▶ _Supplied material_
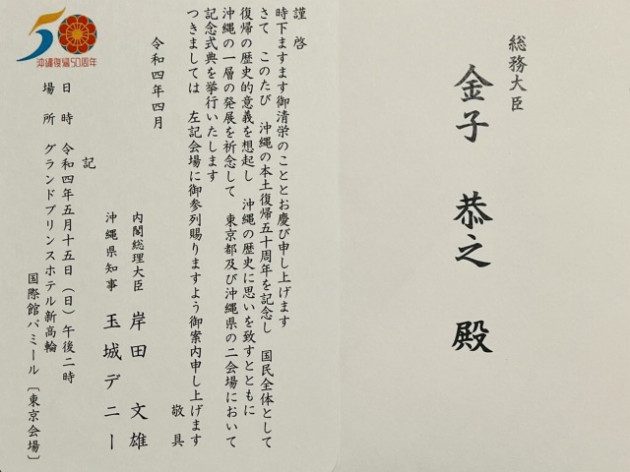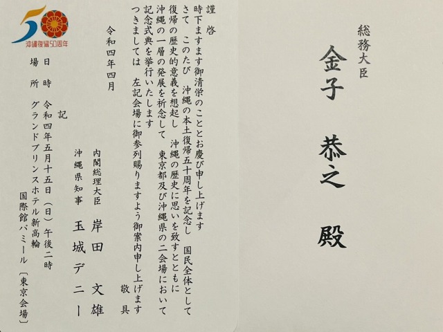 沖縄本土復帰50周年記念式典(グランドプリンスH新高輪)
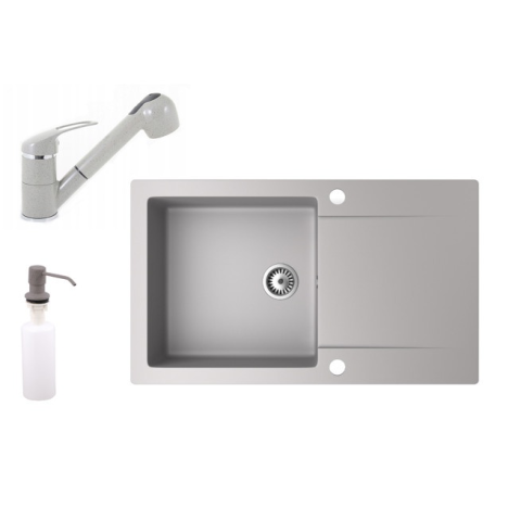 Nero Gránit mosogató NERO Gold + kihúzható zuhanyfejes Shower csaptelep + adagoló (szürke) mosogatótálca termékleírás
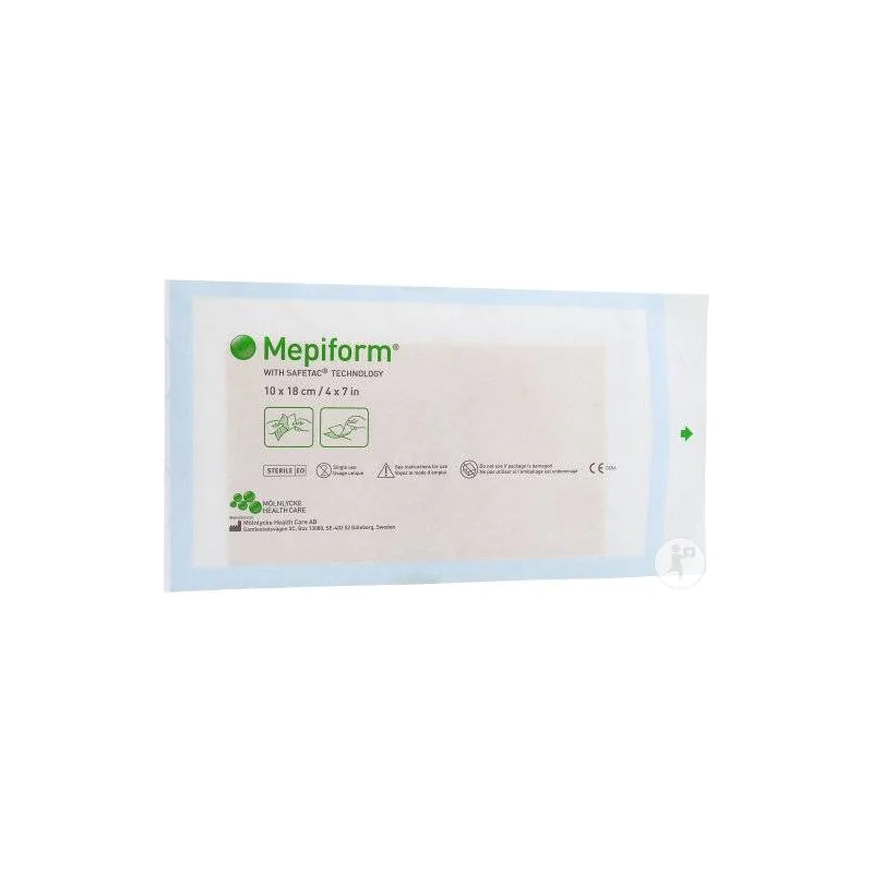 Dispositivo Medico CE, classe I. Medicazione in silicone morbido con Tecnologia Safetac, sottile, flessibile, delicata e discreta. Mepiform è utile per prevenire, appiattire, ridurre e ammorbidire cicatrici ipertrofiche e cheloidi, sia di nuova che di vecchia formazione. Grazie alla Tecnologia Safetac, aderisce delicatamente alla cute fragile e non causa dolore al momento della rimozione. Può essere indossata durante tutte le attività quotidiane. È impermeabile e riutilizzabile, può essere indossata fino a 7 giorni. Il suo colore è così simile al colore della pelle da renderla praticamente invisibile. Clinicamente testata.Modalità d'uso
...
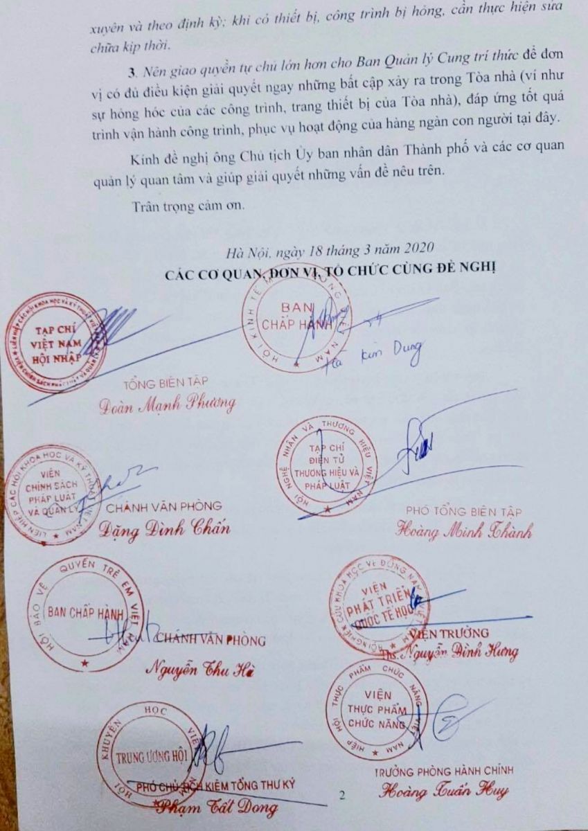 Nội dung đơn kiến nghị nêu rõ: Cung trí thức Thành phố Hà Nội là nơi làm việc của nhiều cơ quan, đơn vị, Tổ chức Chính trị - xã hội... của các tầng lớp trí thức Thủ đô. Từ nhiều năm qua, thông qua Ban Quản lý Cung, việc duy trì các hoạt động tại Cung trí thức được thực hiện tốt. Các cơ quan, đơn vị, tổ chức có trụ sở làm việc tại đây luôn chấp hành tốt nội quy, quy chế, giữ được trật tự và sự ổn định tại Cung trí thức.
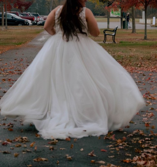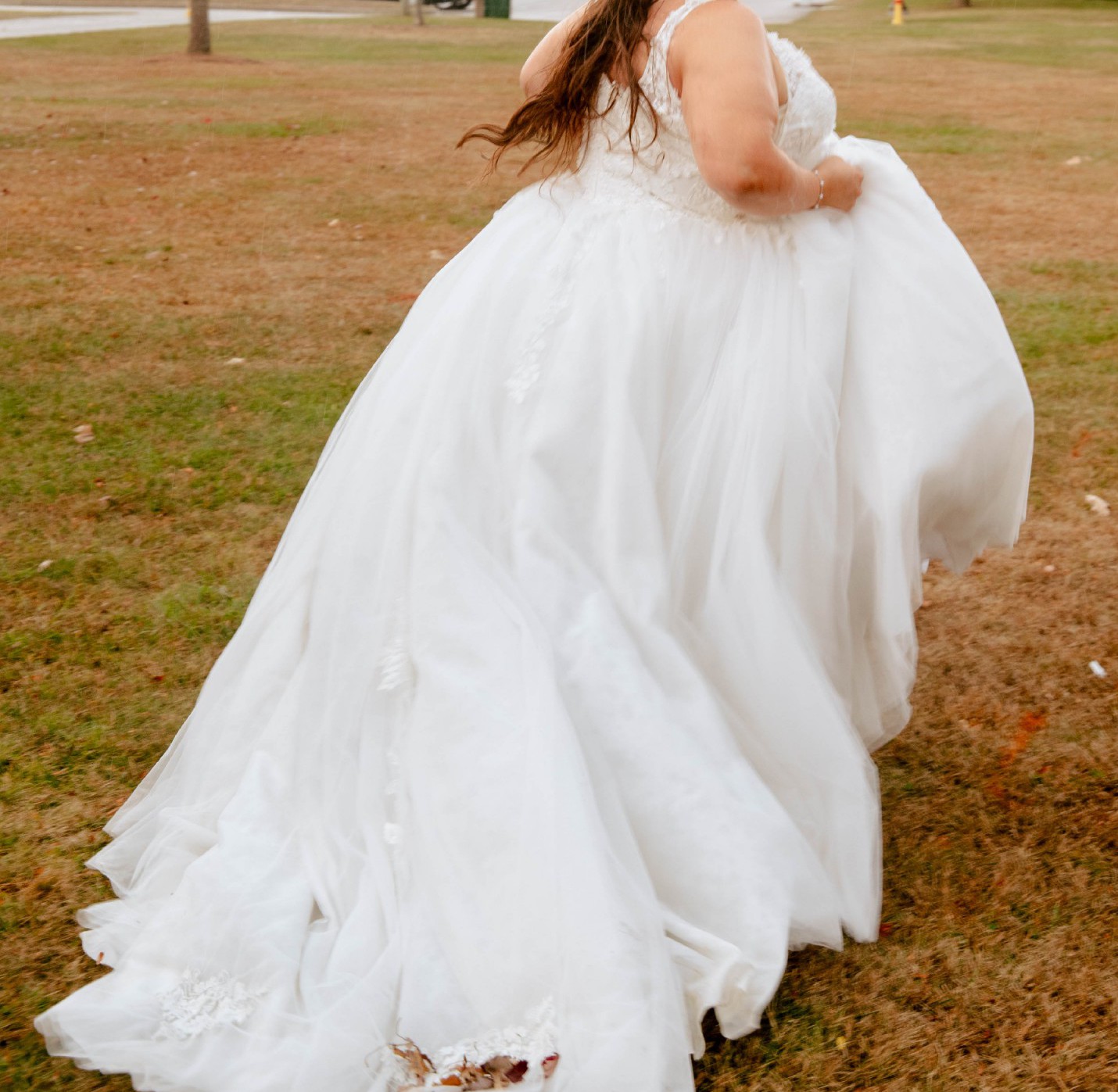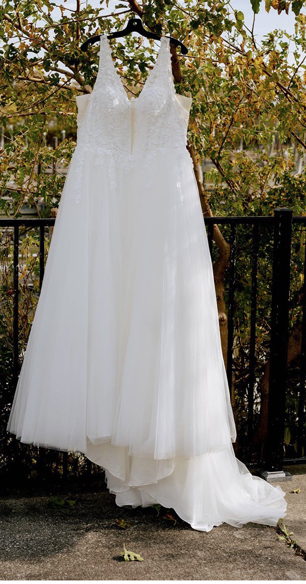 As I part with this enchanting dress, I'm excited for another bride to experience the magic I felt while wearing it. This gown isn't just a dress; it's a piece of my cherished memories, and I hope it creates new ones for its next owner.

▶ _Assignment_
In the entries above, find the line containing "沖縄本土復帰50周年記念式典(グランドプリンスH新高輪)" and the line containing "Dispositivo Medico CE, classe", then copy both and every line between them exactly, without any picture.

▶ _Solved exercise_
 沖縄本土復帰50周年記念式典(グランドプリンスH新高輪)
 Nero Gránit mosogató NERO Gold + kihúzható zuhanyfejes Shower csaptelep + adagoló (szürke) mosogatótálca termékleírás
 Dispositivo Medico CE, classe I. Medicazione in silicone morbido con Tecnologia Safetac, sottile, flessibile, delicata e discreta. Mepiform è utile per prevenire, appiattire, ridurre e ammorbidire cicatrici ipertrofiche e cheloidi, sia di nuova che di vecchia formazione. Grazie alla Tecnologia Safetac, aderisce delicatamente alla cute fragile e non causa dolore al momento della rimozione. Può essere indossata durante tutte le attività quotidiane. È impermeabile e riutilizzabile, può essere indossata fino a 7 giorni. Il suo colore è così simile al colore della pelle da renderla praticamente invisibile. Clinicamente testata.Modalità d'uso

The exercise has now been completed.